Scendo alla stazione Piramide che, con la sua forma geometrica perfetta, mi si presenta innanzi.
Mi accorgo subito di non essere in Egitto ma in una piazza assolata che brulica di gente. La città è viva, suda del mio stesso sudore, cammina insieme a me. Alice è accanto a me, solare e dinamica ed assolutamente attenta ai movimenti urbani. Padre e figlia procediamo solerti verso la meta. Monte dei cocci, Testaccio. Il luogo dell’incontro è una piccola trattoria. Entro furtivo ma non incontro anima viva. Solo rumori provenienti dalla cucina e odori di sugo domenicale. Riesco e chiamo Valerio al telefono. È a pochi metri da me, nascosto sotto le fronde di un albero. Vestito di nero, per nascondere un inizio di pancetta, mi saluta con entusiasmo, felice del nostro nuovo incontro.
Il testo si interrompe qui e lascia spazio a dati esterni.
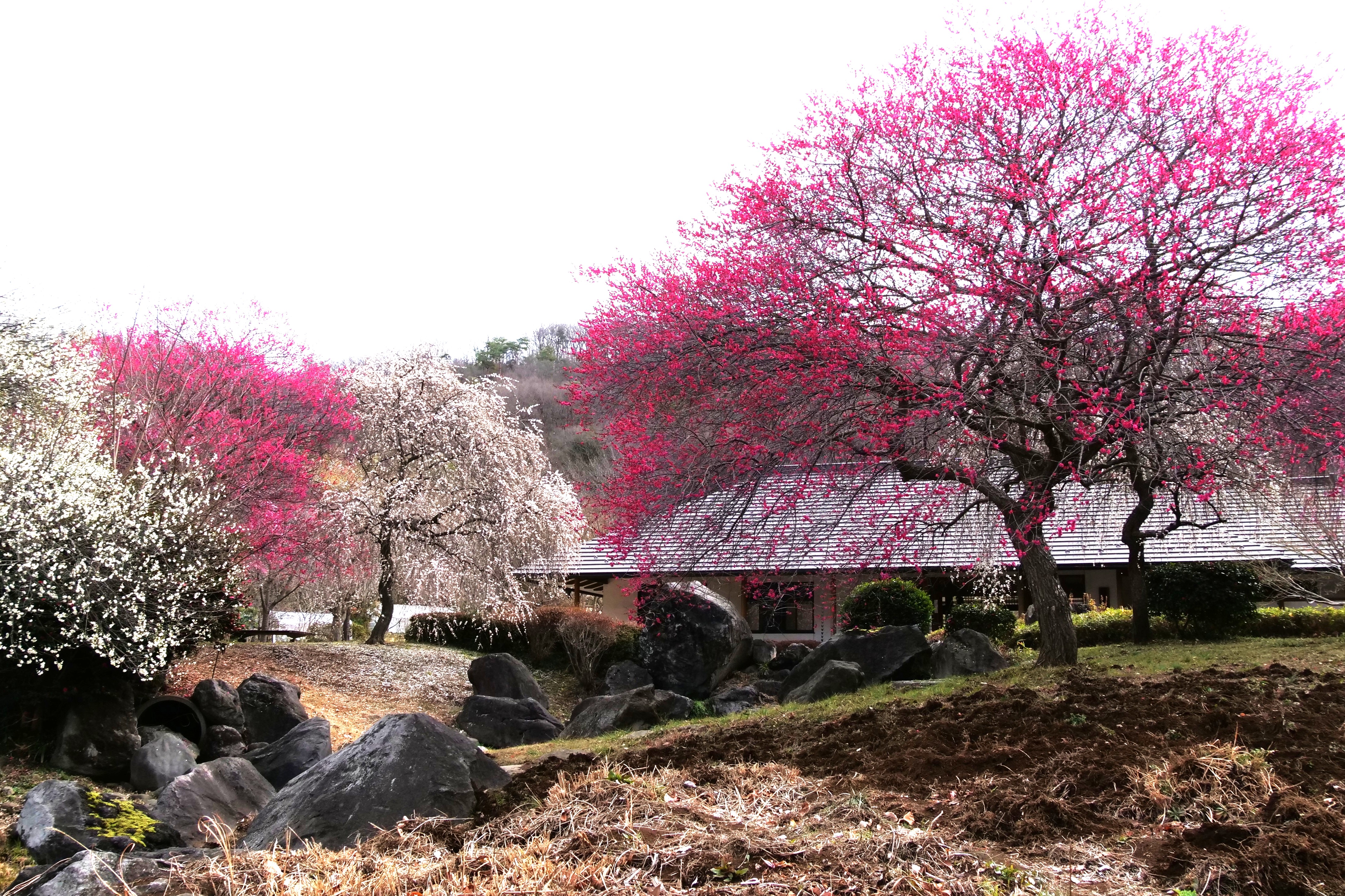一つ目は、唐沢山の東側の麓に位置する梅林公園。ひっそりとした里山に、紅白あわせて200本以上の梅の木が植えられています。

Arrivano poi in sequenza: Michele, ansante e stralunato con la faccia segnata dall’insonnia ed emozionato come uno scolaretto al primo giorno di scuola. Poi Monica, Marianna e la nipote, fresche di viaggio in pullman dalla lontana Palermo. Tutto un turbinio di saluti, abbracci e nuovi incontri.
Avverto subito una certa sintonia nell’aria, i nostri occhi s’incrociano e finalmente entriamo. La cerimonia sta per iniziare. Ognuno di noi, seduto in ordine sparso , si trova accanto persone conosciute o, come mi capita, gente mai vista.
Intessiamo subito una piacevole discussione su poesia e poeti, giovani scrittori.
Tutti vogliono comunicare qualcosa, esporre un concetto a proposito mentre tutti gustiamo una succulenta amatriciana fatta a regola d’arte.